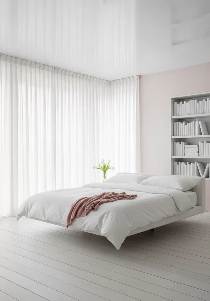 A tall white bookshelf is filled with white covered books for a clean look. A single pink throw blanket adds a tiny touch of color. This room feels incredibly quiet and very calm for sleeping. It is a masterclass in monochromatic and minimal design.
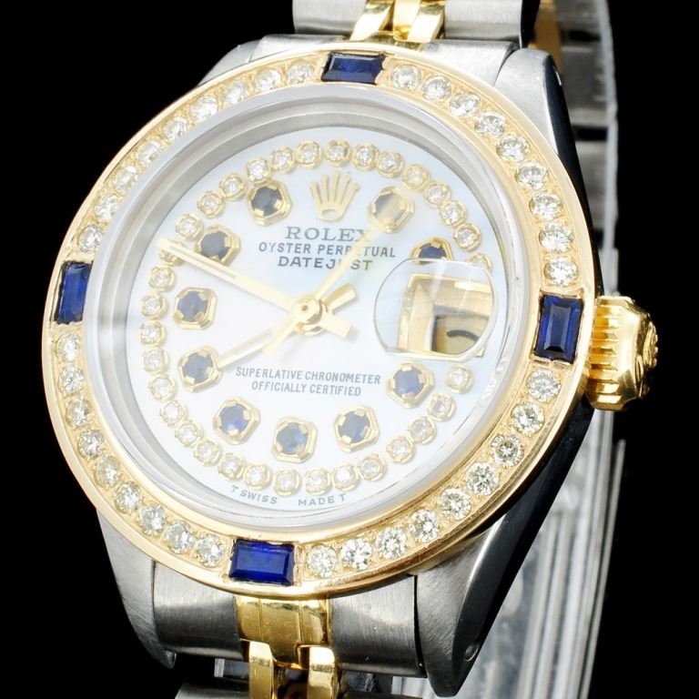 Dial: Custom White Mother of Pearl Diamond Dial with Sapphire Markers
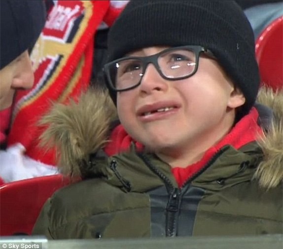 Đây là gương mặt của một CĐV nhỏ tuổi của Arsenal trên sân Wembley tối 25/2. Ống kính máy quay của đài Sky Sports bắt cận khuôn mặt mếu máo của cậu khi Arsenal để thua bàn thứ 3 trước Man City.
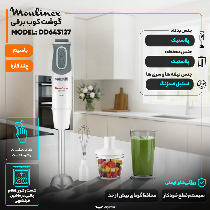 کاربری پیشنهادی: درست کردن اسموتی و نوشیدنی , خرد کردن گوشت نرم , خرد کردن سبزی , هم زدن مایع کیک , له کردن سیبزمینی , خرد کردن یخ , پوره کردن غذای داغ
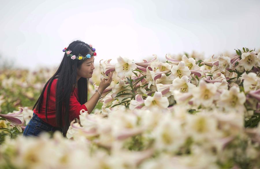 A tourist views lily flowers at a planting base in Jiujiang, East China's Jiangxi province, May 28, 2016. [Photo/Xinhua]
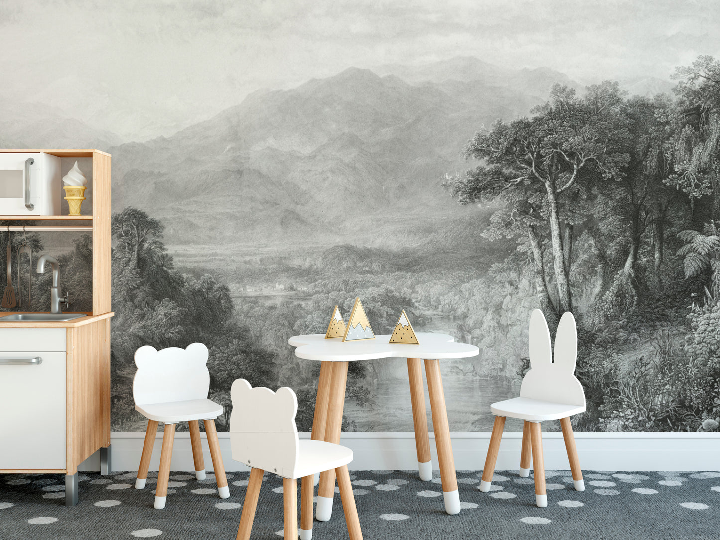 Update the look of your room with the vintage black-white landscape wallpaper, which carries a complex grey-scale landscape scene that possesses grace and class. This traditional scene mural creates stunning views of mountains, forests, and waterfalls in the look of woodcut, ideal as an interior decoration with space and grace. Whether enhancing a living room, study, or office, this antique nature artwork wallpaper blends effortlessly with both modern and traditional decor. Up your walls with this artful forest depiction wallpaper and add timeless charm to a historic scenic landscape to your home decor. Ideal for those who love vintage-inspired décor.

================

--- Exercise details ---
Each line from the line containing "کاربری پیشنهادی: درست" through the final line of the data above must be retyped exactly; nothing else, and no pictures, may appear.

--- Exercise solution ---
 کاربری پیشنهادی: درست کردن اسموتی و نوشیدنی , خرد کردن گوشت نرم , خرد کردن سبزی , هم زدن مایع کیک , له کردن سیبزمینی , خرد کردن یخ , پوره کردن غذای داغ
 A tourist views lily flowers at a planting base in Jiujiang, East China's Jiangxi province, May 28, 2016. [Photo/Xinhua]
 Update the look of your room with the vintage black-white landscape wallpaper, which carries a complex grey-scale landscape scene that possesses grace and class. This traditional scene mural creates stunning views of mountains, forests, and waterfalls in the look of woodcut, ideal as an interior decoration with space and grace. Whether enhancing a living room, study, or office, this antique nature artwork wallpaper blends effortlessly with both modern and traditional decor. Up your walls with this artful forest depiction wallpaper and add timeless charm to a historic scenic landscape to your home decor. Ideal for those who love vintage-inspired décor.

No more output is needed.